# SOAM Quickstart
How to make an end to end project using SOAM modules and tools.

![soam_pipeline](documentation/images/SoaM_diagram.png)


This library pipeline supports any data source.
The process is structured in different stages:
* Extraction: manages the connection with the database, the time granularity and the aggregation level of the input data.
* Preprocessing: lets select among out of the box tools to perform standard tasks as normalization or fill nan values.
* Forecasting: fits a model and predict results.
* Postprocessing: modifies the results based on business/real information or create analysis with the predicted values,
 such as an anomaly detection.


## Extraction

This stage extracts data from the needed sources to build the condensed dataset for the next steps. This tends to be project dependent.

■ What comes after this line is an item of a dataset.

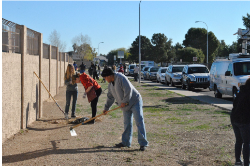
ASU students picking up trash in front of G. Frank Davidson School

### Establish the connection with the database

In [32]:
from soam.workflow.time_series_extractor import TimeSeriesExtractor
from muttlib.dbconn import get_client

Postgres config set up

In [67]:
pg_cfg = {
    "host": "localhost",
    "port": 5432,
    "db_type": "postgres",
    "username": "mutt",
    "password": "mutt",
    "database": "sqlalchemy"
}

In [68]:
pg_client = get_client(pg_cfg)[1]

In [70]:
pg_client

<muttlib.dbconn.postgres.PgClient at 0x7f1969940040>

In [171]:
extractor = TimeSeriesExtractor(db=pg_client, table_name='stocks_valuation')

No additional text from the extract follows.